> _Data supplied_:
┄┄┄┄┄┄┄┄┄┄

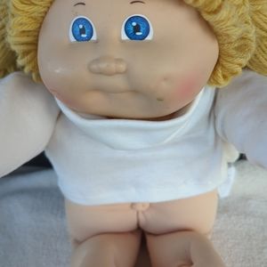This vintage Cabbage Patch Kids doll by Xavier Roberts is a must-have for any collector or fan of the iconic toy line. The doll features beautiful blonde curly yarn hair and striking blue eyes. It measures 16 inches in length and 10 inches in width, and is made from hard plastic, cloth, and yarn.
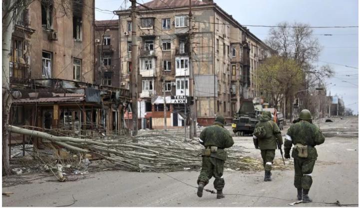 Các binh sĩ của lực lượng dân quân từ Cộng hòa Nhân dân Donetsk tự xưng đi ngang qua các tòa nhà chung cư bị hư hại gần Nhà máy luyện kim Illich Iron & Steel Works, doanh nghiệp luyện kim lớn thứ 2 ở Ukraine do lực lượng ly khai thân Nga hậu thuẫn kiểm soát ở Mariupol, Ukraine. Ảnh AP
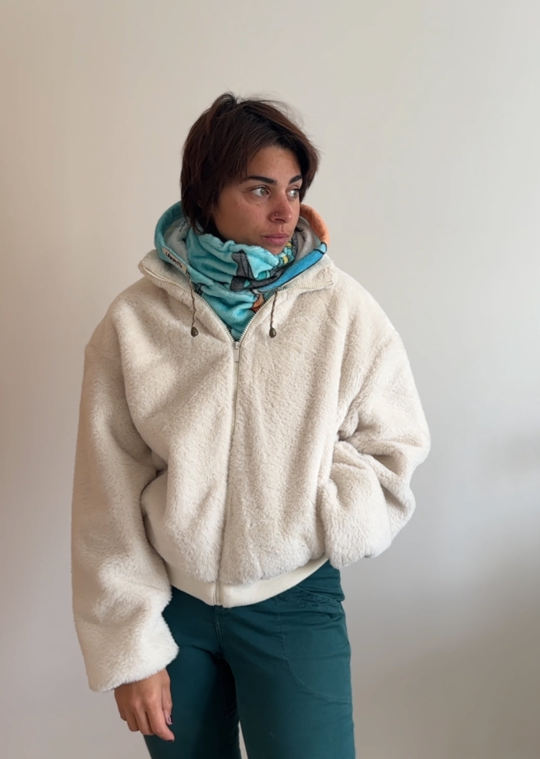 - 🧣 Tour de cou intégré à la capuche, avec double serrage (au niveau du visage et du cou).
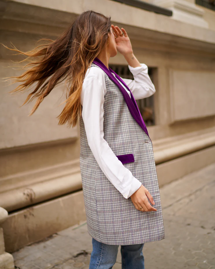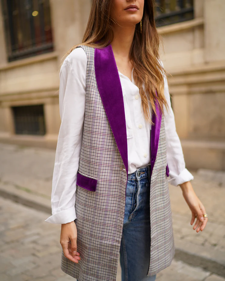 - Chaleco tipo blazer de manga larga y cuello solapa haciendo contraste.
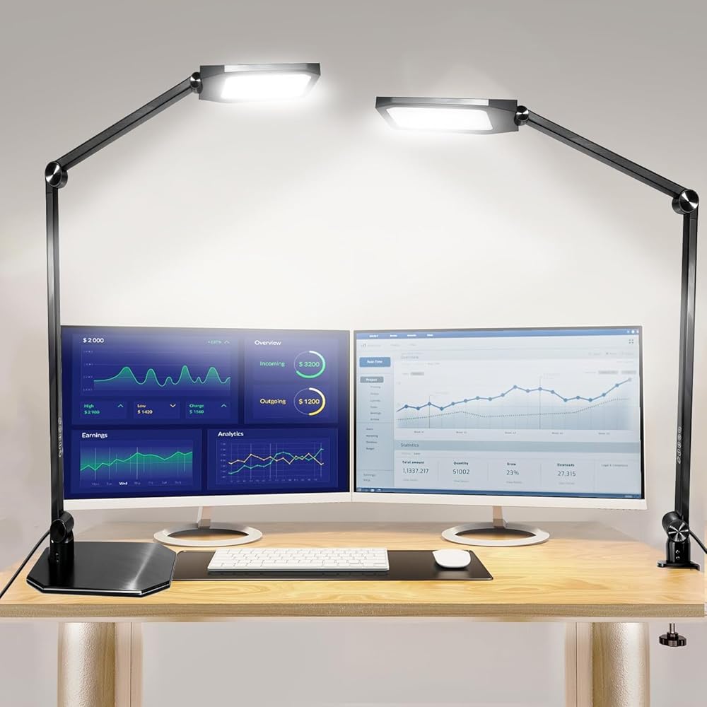 【إضاءة قابلة للتخصيص بالكامل】3 درجات حرارة ألوان (3000K/4000K/6000K) + تعتيم بدون خطوات (10%-100%). وظيفة الذاكرة تحفظ الإعداد المفضل لديك. مؤقت مدمج مدته 60 دقيقة يعزز فترات الراحة الصحية في العمل.
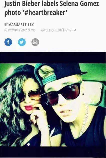 一次,比伯在推特上晒出他和傻脸娜曾经的恋爱合影,配图文字是:心碎的人。
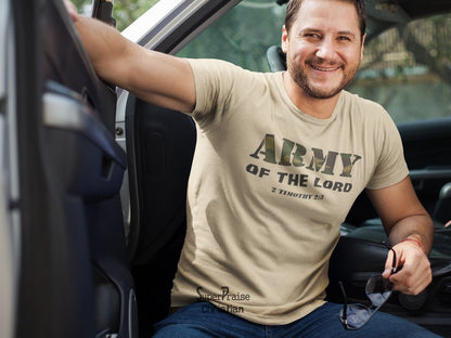 Be a true soldier in the army of the Lord with this durable t-shirt. Made with quality materials, it features a bold design that showcases your faith. Perfect for everyday wear or as a statement piece for special occasions. Stay strong and proud as a member of His army.
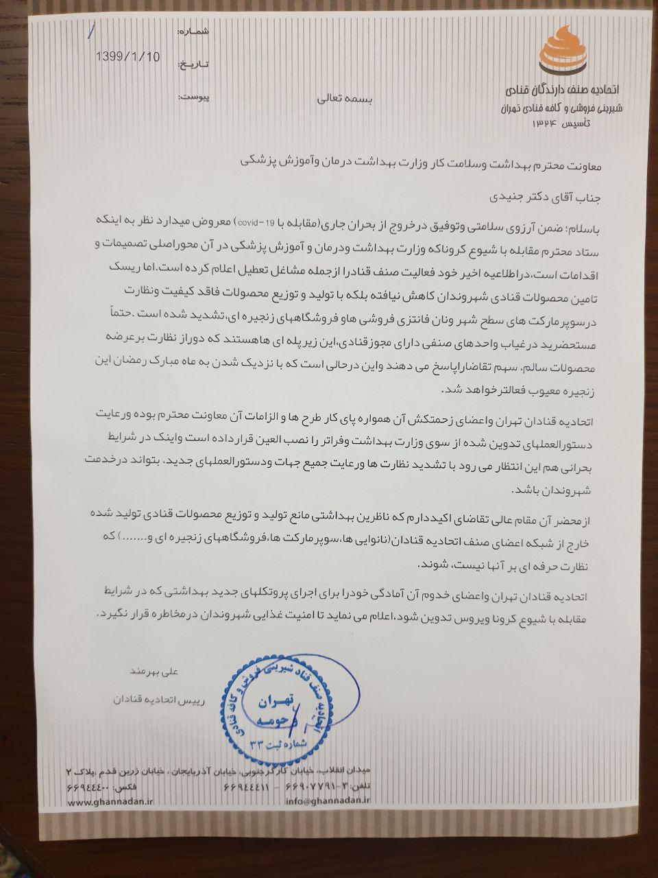 به اطلاع كليه اعضاء محترم صنف قنادان تهران مي رساند متاسفانه علیرغم هشدارها واطلاعیه های پی درپی اتحادیه قنادان تهران مبنی برتعطیلی کلیه واحدهای قنادی براساس مصوبه ستادمقابله باکرونا وعدم رعایت برخی همکاران، سه واحد قنادی توسط اداره اماکن نیروی انتظامی پلمب شد.
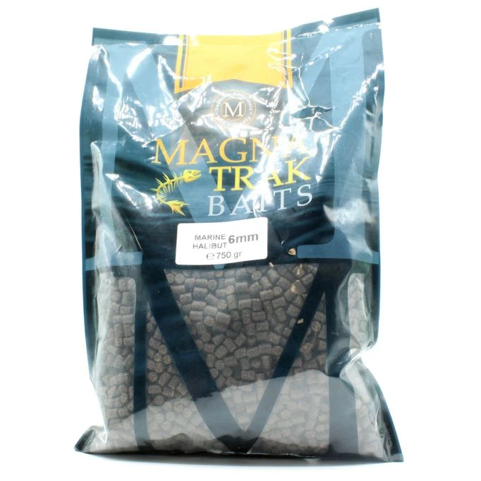 Dark, oily Magnatrak Halibut Pellets with a much higher fishmeal and protein content.
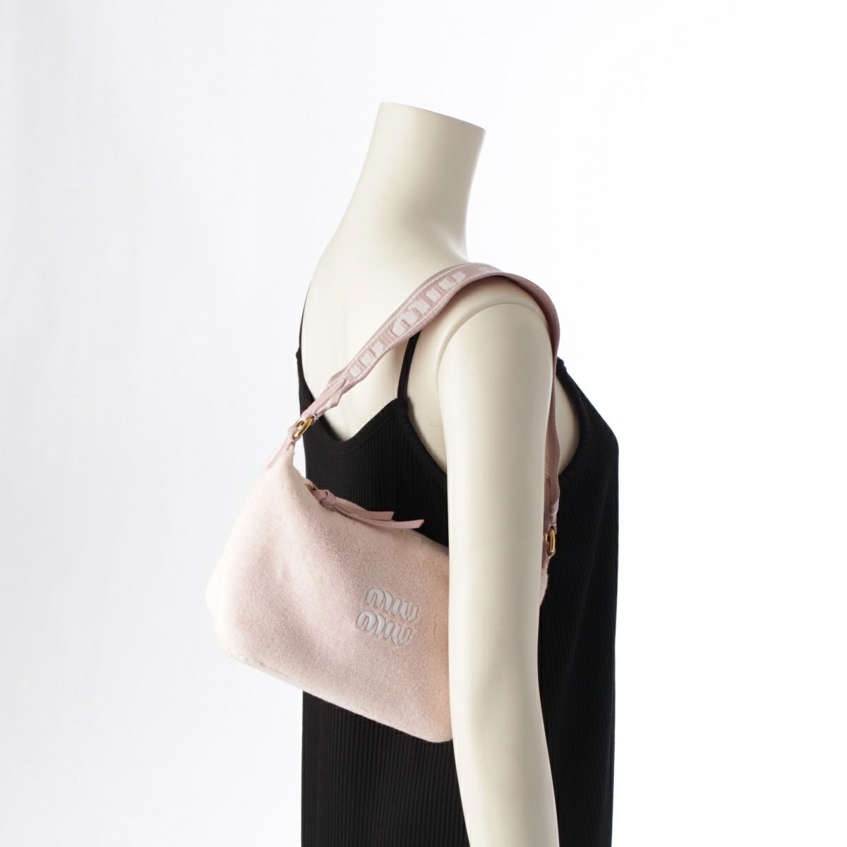 ミュウミュウ スピリット シーレ ミニバッグ コットン テリークロス パイル ロゴ刺繍 ワンショルダー バッグ クロスボディ 5NE841 ライトピンク
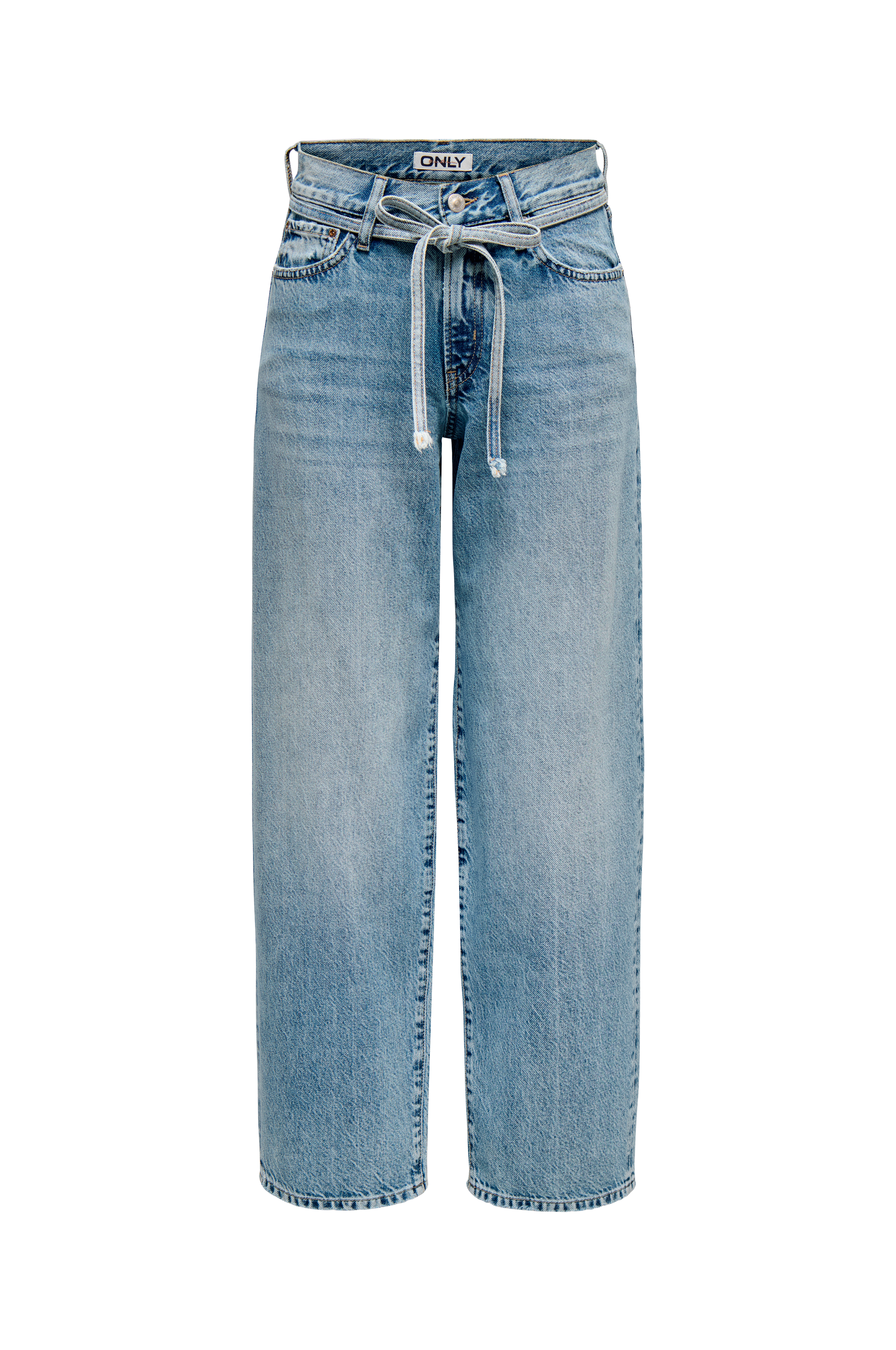• Jeans med høj talje• Femlommemodel• Bælteløkker med aftageligt bindebånd• Gylp med lynlås med knap på toppen• Lige, brede ben• Indre benlængde: 71 cm i størrelse 27/30
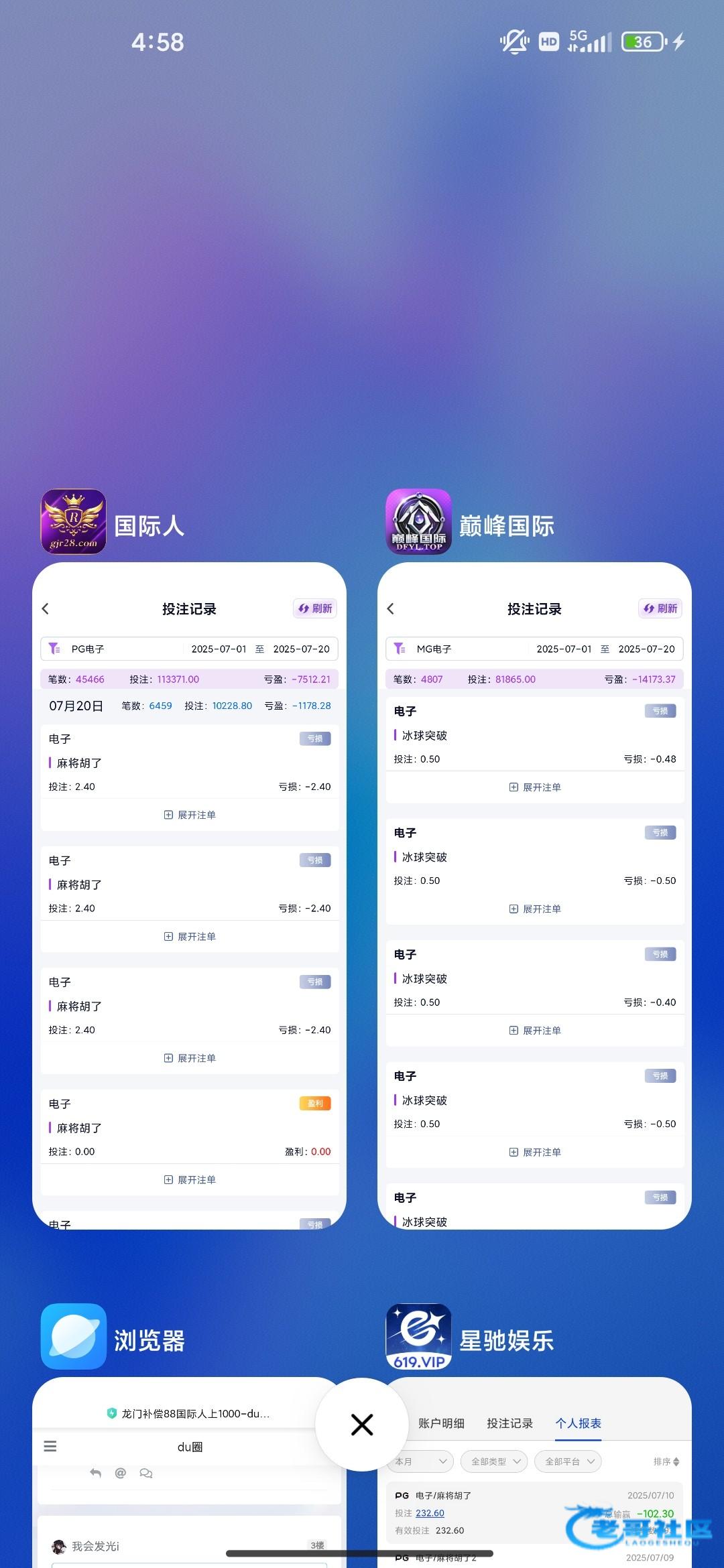 国际人这个月输7000多,巅峰输1.4w,星字开头的加起来输两万多,这个月老哥的台输了5万了,好累
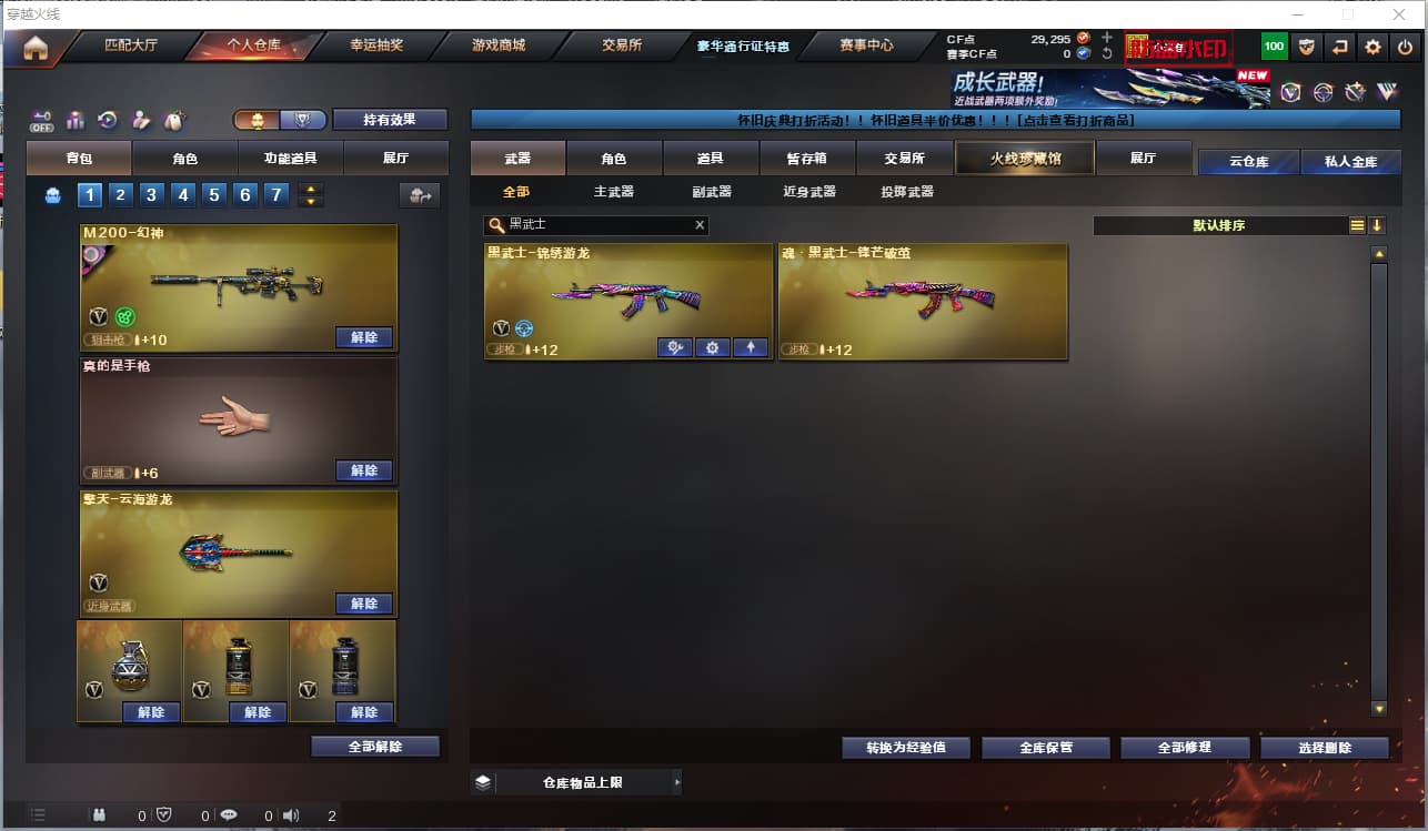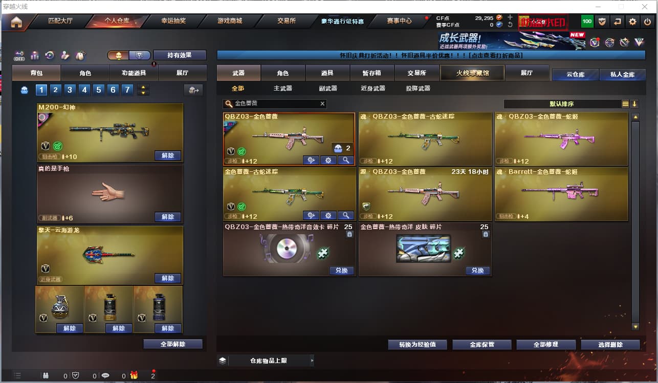 2282666-双色幻神 q金色蔷薇白鲨皮)(自带2.9w点卷)cf东部/江苏1区/24v/m200幻神 宠儿皮 n92022皮/q金色蔷薇 荣耀世冠白鲨皮/雷神 原计划皮 宇航兔皮/龙啸 纸灯龙皮/黑武士/极光/修罗2/可排
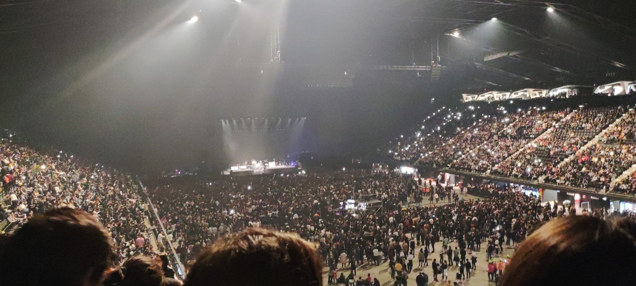 “Prendan las luces un momento por favor. Si pueden abrir espacio allí, por favor. ¿Están bien? Hay muchas personas aquí, hace calor. Lo que haremos es que todos los que estén abajo, muy despacio, comenzando desde atrás, vamos a dar dos pasos atrás”, pidió el artista en un momento de su presentación.

┄┄┄┄┄┄┄┄┄┄

> _Prompt_: In the data above, find the line with "2282666-双色幻神 q金色蔷薇白鲨皮)(自带2.9w点卷)cf东部/江苏1区/24v/m200幻神 宠儿皮" and repeat it and every line after it through the end, exactly; leave the pictures out.

> _Answer section_:
 2282666-双色幻神 q金色蔷薇白鲨皮)(自带2.9w点卷)cf东部/江苏1区/24v/m200幻神 宠儿皮 n92022皮/q金色蔷薇 荣耀世冠白鲨皮/雷神 原计划皮 宇航兔皮/龙啸 纸灯龙皮/黑武士/极光/修罗2/可排
 “Prendan las luces un momento por favor. Si pueden abrir espacio allí, por favor. ¿Están bien? Hay muchas personas aquí, hace calor. Lo que haremos es que todos los que estén abajo, muy despacio, comenzando desde atrás, vamos a dar dos pasos atrás”, pidió el artista en un momento de su presentación.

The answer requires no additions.